General Emilio Aguinaldo appointed General Ambrosio Mojica, a Caviteño, as politico-military governor of the province of Leyte. In 1899, for the second time, Palo was created as the capital seat and of politico-military government of General Mojica. Presbitero Don Fabian Avelino succeeded Fray Pantaleon de la Fuente, O.F.M.

=== An era of the church's secularization ===
After Fr. Agustin Medalle's tenure as parish priest, the parochial administration of the church was passed down to Juan Pacoli, a native of Paranas, Samar. He would later become the longest-serving parish priest of Palo (1899-1938). He managed the transition of the administration of the church from the Franciscan friars to the secular clergy of the Diocese of Cebu.

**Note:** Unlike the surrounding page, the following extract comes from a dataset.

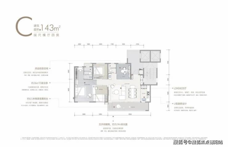 建面约143㎡的四房,同样为2T2私梯入户,各功能区空间堪称市面上最大尺度的143㎡,包括五开间朝南,景观阳台面宽达到8.9米,可享270度环幕视野,主卧双面观景,且所有卧室的面宽均在3.1米及以上等亮点!

When the Diocese of Calbayog was created in 1910. the Church of Palo became the scene of two diocesan synods in 1911 when it was convoked by Msgr. Pablo Singzon de la Annunciacion, the first Bishop of Calbayog, and in 1935 during the time of Bishop Sofronio Hacbang. Also during that year, Ambrose Agius, O.S.B., who was then the Apostolic Delegate to the Philippines and the representative of the pope, visited the church of Palo. Later, Archbishop Giuseppe Petrelli, another Apostolic Delegate to the Philippines, also came to visit the parish.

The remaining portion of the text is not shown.